**Your objective:** Copy the records below exactly, starting at the line that contains "涼しい風が吹き抜ける鉄道にゆられながら、紅葉の森をめぐるひとときを" and ending at the line that contains "Храмы и монастырский"; leave out any pictures.

**Data excerpts:**
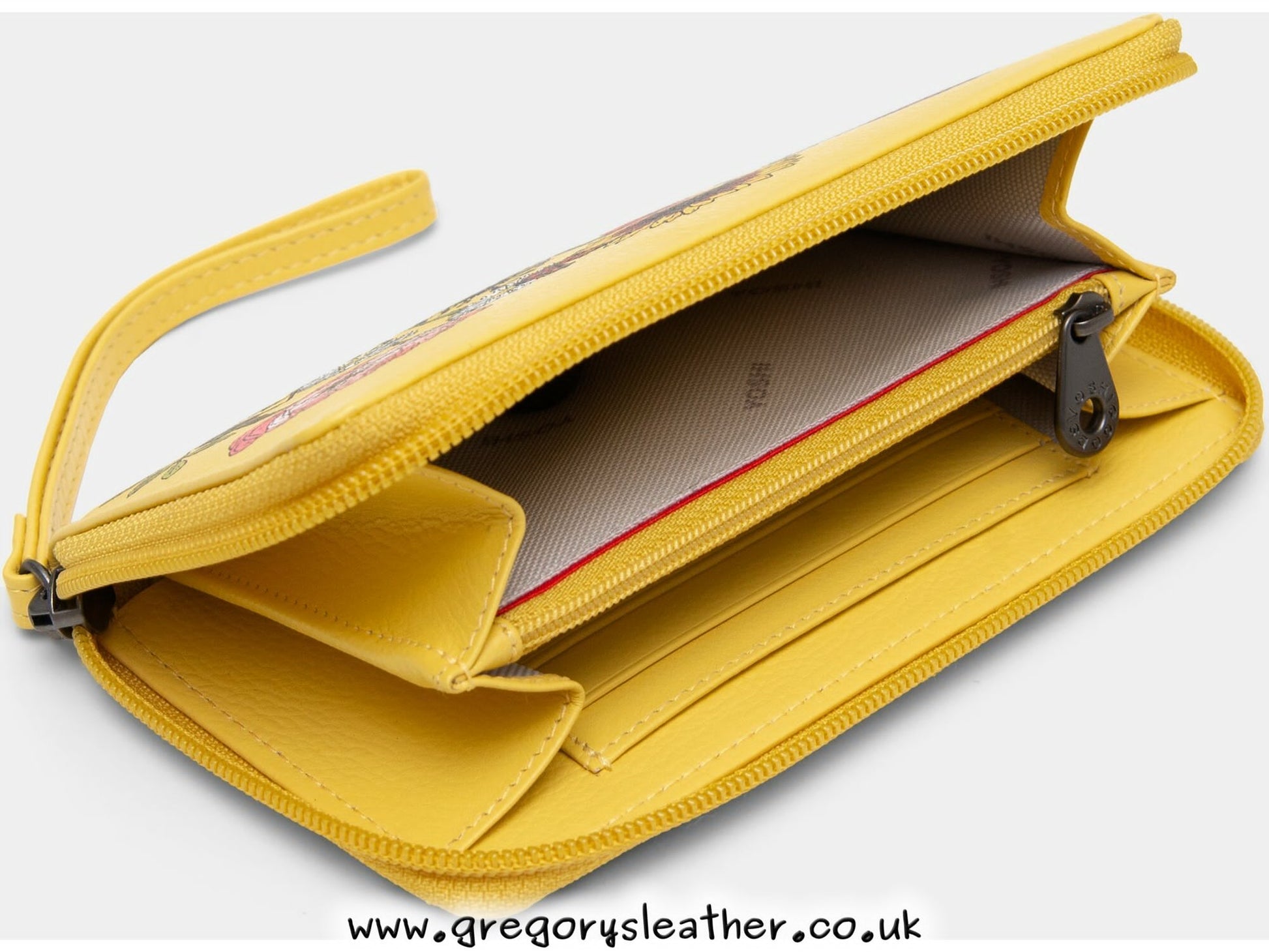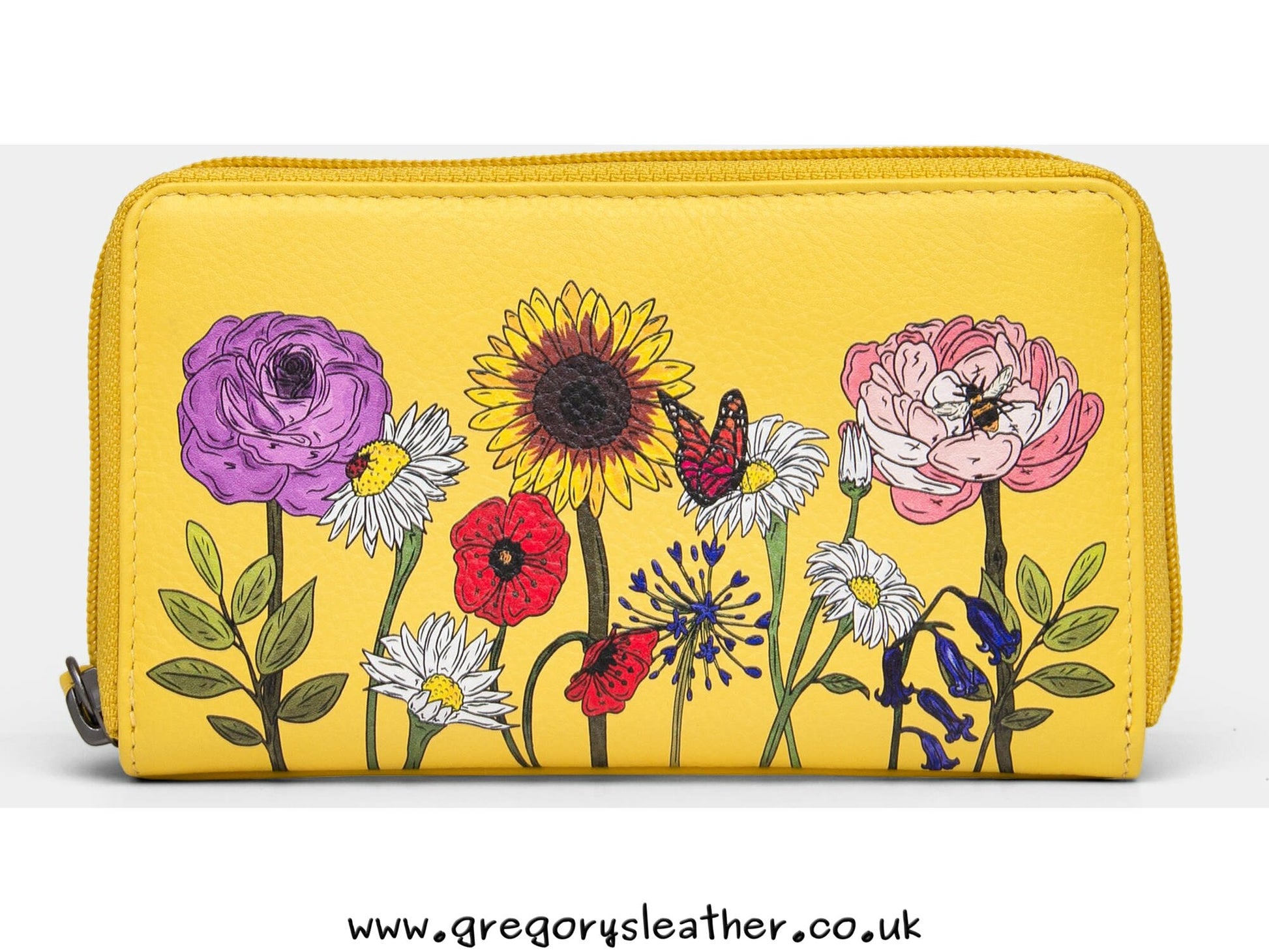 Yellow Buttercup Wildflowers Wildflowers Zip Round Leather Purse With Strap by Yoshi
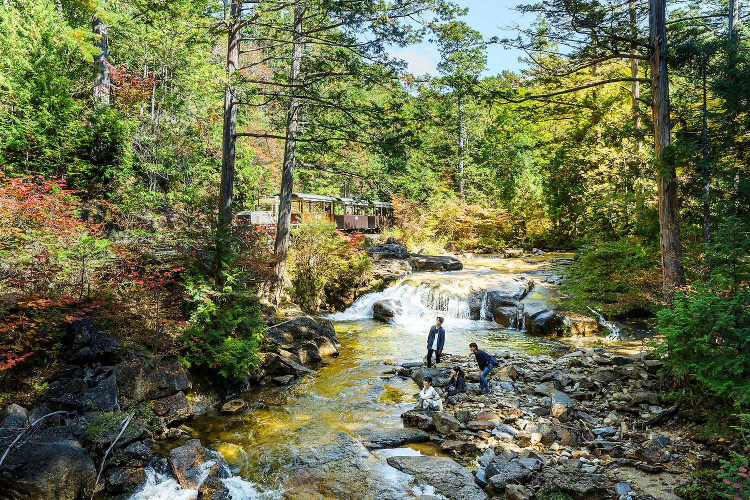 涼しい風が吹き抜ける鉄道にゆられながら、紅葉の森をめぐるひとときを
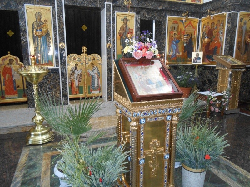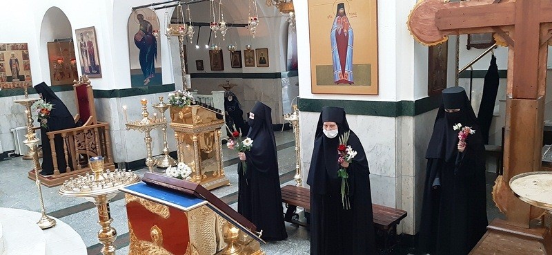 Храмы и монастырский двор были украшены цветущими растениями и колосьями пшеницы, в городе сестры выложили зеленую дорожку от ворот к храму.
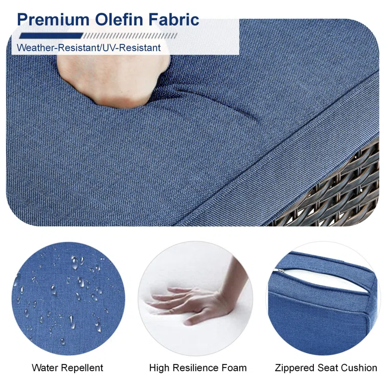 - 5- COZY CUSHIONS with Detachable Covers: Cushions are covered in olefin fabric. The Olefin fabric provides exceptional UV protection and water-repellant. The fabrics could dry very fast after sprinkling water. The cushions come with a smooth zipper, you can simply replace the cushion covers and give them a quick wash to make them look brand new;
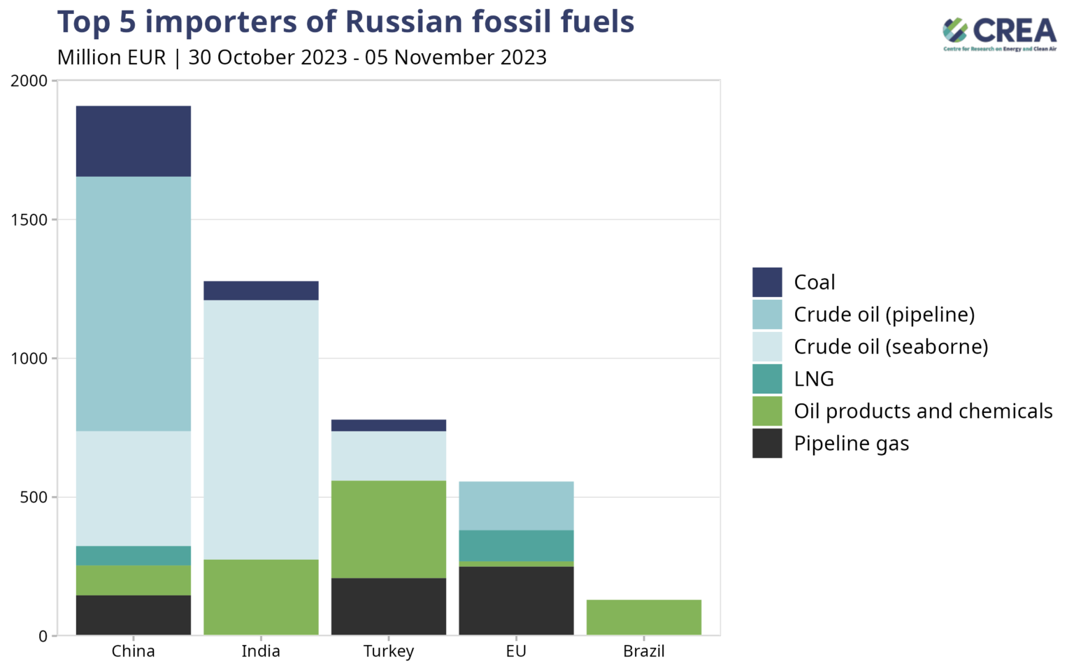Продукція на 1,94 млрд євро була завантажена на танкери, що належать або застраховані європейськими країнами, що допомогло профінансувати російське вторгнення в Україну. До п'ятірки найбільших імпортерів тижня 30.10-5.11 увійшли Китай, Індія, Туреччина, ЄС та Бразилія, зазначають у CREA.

**Finished task:**
 涼しい風が吹き抜ける鉄道にゆられながら、紅葉の森をめぐるひとときを
 Храмы и монастырский двор были украшены цветущими растениями и колосьями пшеницы, в городе сестры выложили зеленую дорожку от ворот к храму.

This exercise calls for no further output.